• ABOUT THIS TASK
Since the listing below shows pictures, leave them out and write out exactly the lines from the line with "আসন্ন দ্বাদশ জাতীয়" to the line with "Stwórz swój domowy", both included, and no others.

• EXERCISE MATERIALS

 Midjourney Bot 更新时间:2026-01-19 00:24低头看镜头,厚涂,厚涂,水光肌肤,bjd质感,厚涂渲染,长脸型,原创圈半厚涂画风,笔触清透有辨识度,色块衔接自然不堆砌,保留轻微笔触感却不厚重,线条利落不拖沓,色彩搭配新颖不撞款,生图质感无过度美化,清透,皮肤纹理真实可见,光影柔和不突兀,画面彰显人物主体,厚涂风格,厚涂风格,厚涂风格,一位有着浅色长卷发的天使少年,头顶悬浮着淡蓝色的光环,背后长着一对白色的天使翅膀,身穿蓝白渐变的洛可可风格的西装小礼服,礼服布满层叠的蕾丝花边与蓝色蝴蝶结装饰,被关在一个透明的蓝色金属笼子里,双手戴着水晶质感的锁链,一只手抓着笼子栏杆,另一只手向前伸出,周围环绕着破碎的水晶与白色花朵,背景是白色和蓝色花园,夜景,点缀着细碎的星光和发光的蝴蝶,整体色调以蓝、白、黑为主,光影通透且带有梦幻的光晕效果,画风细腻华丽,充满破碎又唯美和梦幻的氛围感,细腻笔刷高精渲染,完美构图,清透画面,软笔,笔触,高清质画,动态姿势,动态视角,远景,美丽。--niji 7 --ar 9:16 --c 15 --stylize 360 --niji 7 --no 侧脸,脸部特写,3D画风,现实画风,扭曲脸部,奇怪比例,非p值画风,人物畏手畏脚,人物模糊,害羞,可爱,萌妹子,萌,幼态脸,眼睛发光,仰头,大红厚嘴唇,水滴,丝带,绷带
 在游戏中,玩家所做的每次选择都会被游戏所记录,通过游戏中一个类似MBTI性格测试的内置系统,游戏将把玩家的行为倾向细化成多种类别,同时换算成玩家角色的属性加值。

* * *

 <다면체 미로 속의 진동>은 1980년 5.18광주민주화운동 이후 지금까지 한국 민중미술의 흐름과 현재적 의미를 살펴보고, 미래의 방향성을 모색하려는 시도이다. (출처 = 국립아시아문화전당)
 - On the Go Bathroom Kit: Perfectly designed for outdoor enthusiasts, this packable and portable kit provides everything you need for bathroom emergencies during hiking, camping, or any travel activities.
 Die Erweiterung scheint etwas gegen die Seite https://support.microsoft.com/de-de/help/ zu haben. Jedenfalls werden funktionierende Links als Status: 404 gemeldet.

---

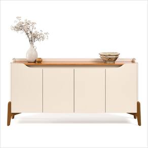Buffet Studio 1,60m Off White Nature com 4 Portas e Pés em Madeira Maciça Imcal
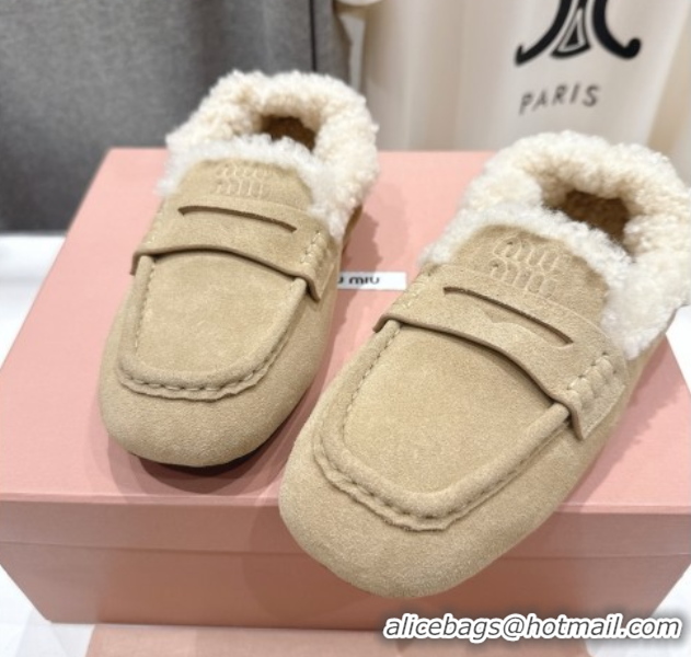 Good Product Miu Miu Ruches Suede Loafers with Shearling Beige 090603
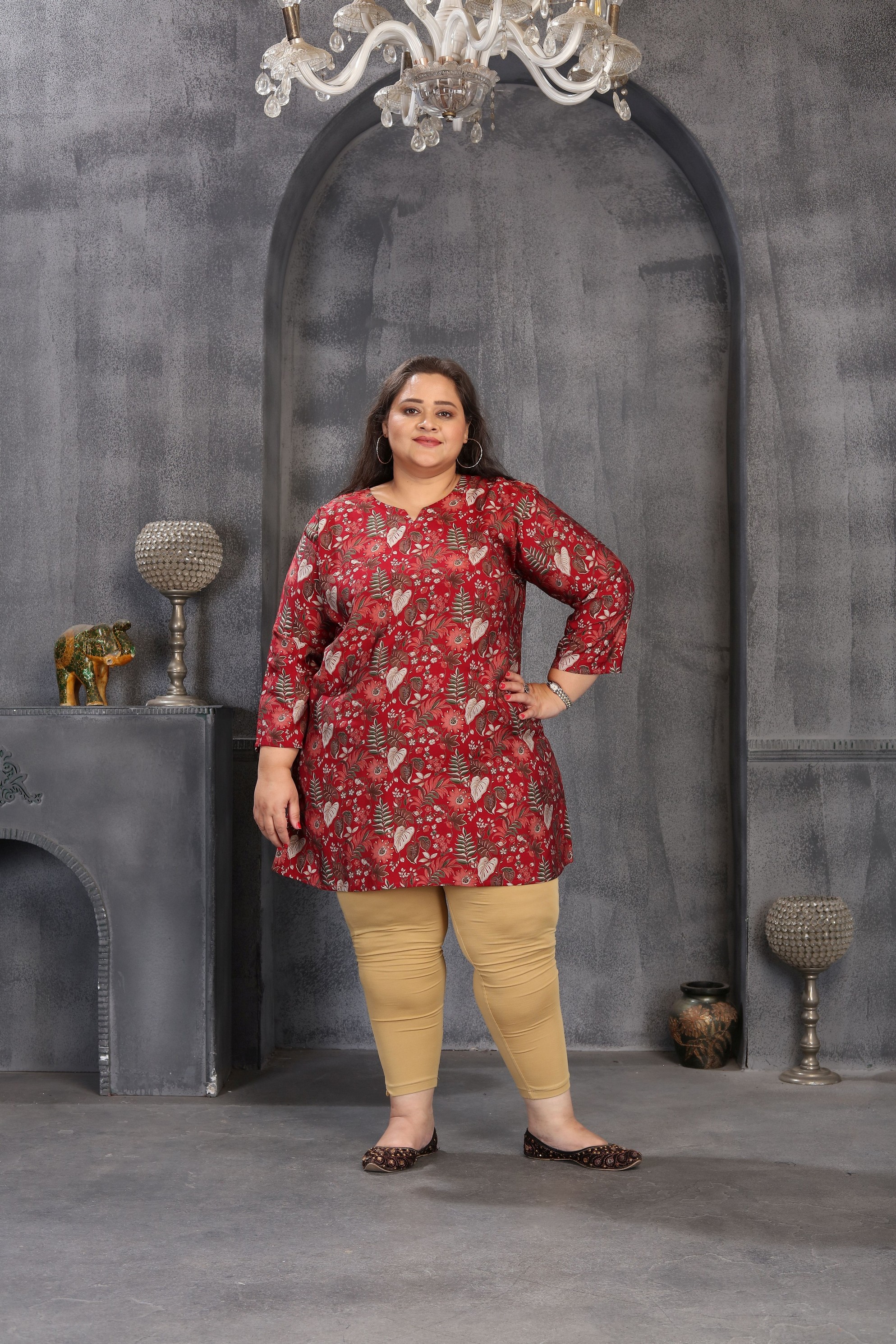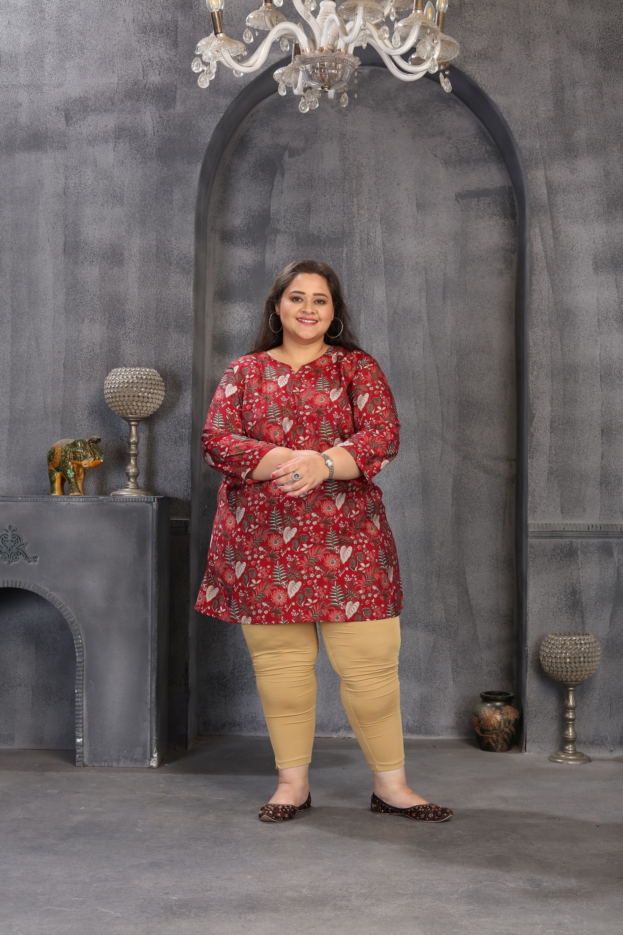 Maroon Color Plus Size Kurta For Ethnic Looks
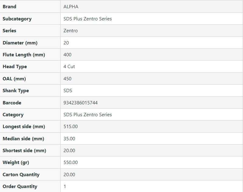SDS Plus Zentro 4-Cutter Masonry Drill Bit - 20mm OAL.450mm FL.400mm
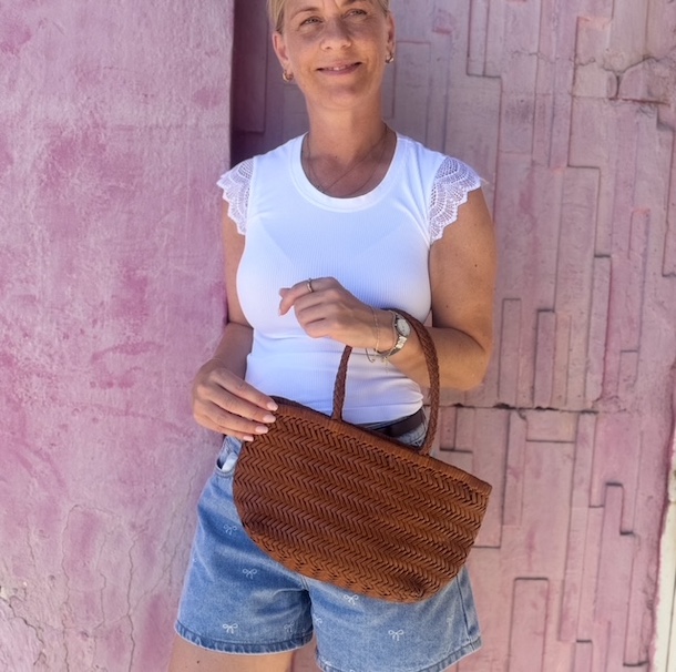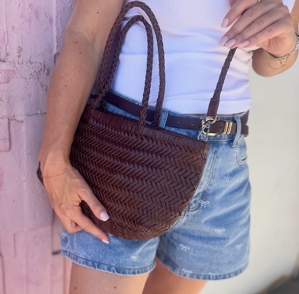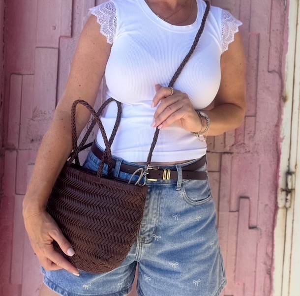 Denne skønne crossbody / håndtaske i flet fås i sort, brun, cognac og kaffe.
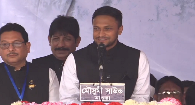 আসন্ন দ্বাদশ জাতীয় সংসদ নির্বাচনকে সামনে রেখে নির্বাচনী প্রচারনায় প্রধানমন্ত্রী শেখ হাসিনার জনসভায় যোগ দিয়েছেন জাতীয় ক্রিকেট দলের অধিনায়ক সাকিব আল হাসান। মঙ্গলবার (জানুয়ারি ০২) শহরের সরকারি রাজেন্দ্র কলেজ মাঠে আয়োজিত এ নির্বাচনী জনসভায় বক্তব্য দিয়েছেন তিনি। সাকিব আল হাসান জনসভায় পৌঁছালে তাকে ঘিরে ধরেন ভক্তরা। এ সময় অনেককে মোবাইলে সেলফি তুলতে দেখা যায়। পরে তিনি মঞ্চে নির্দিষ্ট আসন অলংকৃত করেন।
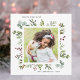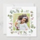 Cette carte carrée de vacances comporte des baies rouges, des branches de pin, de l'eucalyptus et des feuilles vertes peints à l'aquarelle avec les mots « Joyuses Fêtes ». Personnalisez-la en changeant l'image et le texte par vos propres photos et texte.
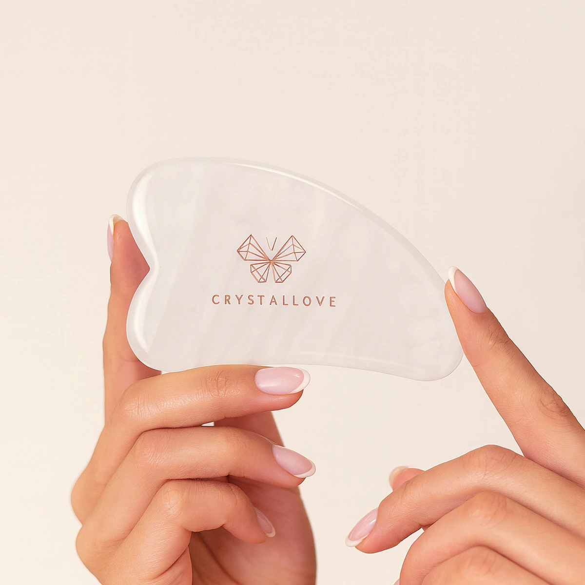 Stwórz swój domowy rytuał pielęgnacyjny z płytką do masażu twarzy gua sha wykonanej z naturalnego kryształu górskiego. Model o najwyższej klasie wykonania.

• SOLUTION TO THIS TASK
 আসন্ন দ্বাদশ জাতীয় সংসদ নির্বাচনকে সামনে রেখে নির্বাচনী প্রচারনায় প্রধানমন্ত্রী শেখ হাসিনার জনসভায় যোগ দিয়েছেন জাতীয় ক্রিকেট দলের অধিনায়ক সাকিব আল হাসান। মঙ্গলবার (জানুয়ারি ০২) শহরের সরকারি রাজেন্দ্র কলেজ মাঠে আয়োজিত এ নির্বাচনী জনসভায় বক্তব্য দিয়েছেন তিনি। সাকিব আল হাসান জনসভায় পৌঁছালে তাকে ঘিরে ধরেন ভক্তরা। এ সময় অনেককে মোবাইলে সেলফি তুলতে দেখা যায়। পরে তিনি মঞ্চে নির্দিষ্ট আসন অলংকৃত করেন।
 Cette carte carrée de vacances comporte des baies rouges, des branches de pin, de l'eucalyptus et des feuilles vertes peints à l'aquarelle avec les mots « Joyuses Fêtes ». Personnalisez-la en changeant l'image et le texte par vos propres photos et texte.
 Stwórz swój domowy rytuał pielęgnacyjny z płytką do masażu twarzy gua sha wykonanej z naturalnego kryształu górskiego. Model o najwyższej klasie wykonania.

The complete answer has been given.